The trade war between the United States and China is highlighting the biggest investing opportunity right in front of your nose.

At the Schwab Impact 2019 conference in San Diego, Calif., on Tuesday, representatives from fund manager Matthews Asia took the stage before several hundred people to discuss China trade and tariffs and the trillion-opportunity that awaits. 

Jeffrey Kleintop, chief global investment strategist at Charles Schwab & Co. introduced the Mathews group, and told the audience to pay attention to a top line fact: China has moved to a consumer market from a manufacturing economy. That has huge implications, he said, noting Singles Day, a Chinese holiday November 11 that has become a shopping-day event. Chinese retail sales that day far outpace U.S. retail sales on Black Friday and CyberMonday combined, says USA Today.

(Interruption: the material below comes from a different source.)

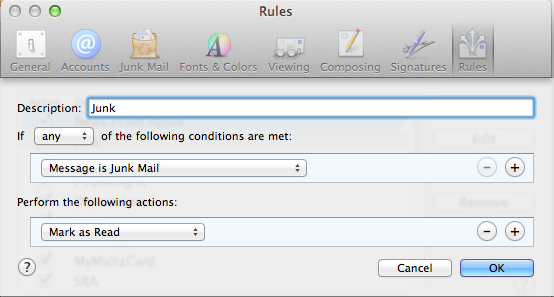 My GMAIL "Account's" Spam folder is the problem. This is not one of the options in the conditions drop-down box. You did give me the idea though to go see what I could do through gmail.com. I tried to see if I could change the rules of that folder to "Mark as Read" everything in it automatically, or even hide the fodler from IMAP, but it doesn't look like either of those options are available either.

Focusing on short-term trade disputes is missing the bright investment portrait that China is painting for itself. 

Andy Rothman, an investment strategist for Matthews Asia who’s worked in China for decades, said, “If someone told me 30 years ago that I would be helping people to invest in China, I wouldn’t have believed them. When I first began working there, the phone system was so bad that we had to rely on a fleet of bicycle messengers. Now, China has the most sophisticated mobile communications system in the world.”

He urged advisors to develop a framework through which to think about China. Here’s why: China accounts for about one-third of global economic growth. That means whether or not you are directly invested in China, your portfolios will be impacted by its economy. “Do you have enough exposure to China for your clients?” Rothman asked.

The answer is likely no. Even though China is a major factor economically, it isn’t heavily weighted heavily among international index funds. 

Utilizing the average global weighting across markets, China only garners between a 5% to 10% weighting. By example, China only accounts for about 5% of MSCI’s global index.

Meanwhile, David Dali, portfolio strategist at Matthews Asia, recommends allocating one-third of a growth portfolio to China alone. “We think Chinese equities are going to rerate higher,” he said. “Chinese equities make money. Chinese companies make money.” Moreover, he said, Chinese companies trade at 30% valuation discounts compared to U.S. companies. 

Recent skepticism of China’s growth, according to Joyce Li, portfolio manager at Matthews Asia, can be attributed to population bias: analysts are mostly gauging growth in top cities, while second- and third-tier cities are where prosperity is booming. Li, who grew up in a Hong Kong satellite city, said she witnessed this first hand when she went back to visit her hometown in August. “We couldn’t get a restaurant reservation!” she noted.